Jorge Eduardo Lacuadra nació en Santa Fe (Argentina) en 1971. Estudió en
la Escuela Industrial Superior recibiéndose de Técnico Mecánico-Eléctrico.. A
partir de 2002 reside en Córdoba (Argentina) A publicado tres poemarios: “Distancias
oceánicas” - Editorial Luna de marzo, “El olvido de la luna” -
Editorial MRV – Editor Independiente y “El silencio de la rosa” -
Editorial MRV, en cuyo Certamen Internacional El Molino, obtuvo el 2° premio.

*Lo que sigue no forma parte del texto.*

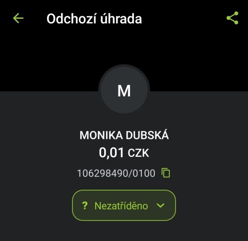 | 08. 10. 2025 | Online přes portál | 106298490/0100 | 3600,- | - |

Participa en la Antología “Cuentos y poemas - Lo mejor de Rumbos” de
Editorial Rumbos libros. Participa en la Antología de cuentos “WhiteStar”,
en la “Antología Poética de Post-Vanguardia” Desde el año 2015
integra La Conspiración de los Fuleros, grupo de producción literaria de la
ciudad de Santa Fe, editando tres libros de cuentos “Conspiración Año
Cero” (2017), “Puertas Adentro – Historias de una Santa Fe Extraña”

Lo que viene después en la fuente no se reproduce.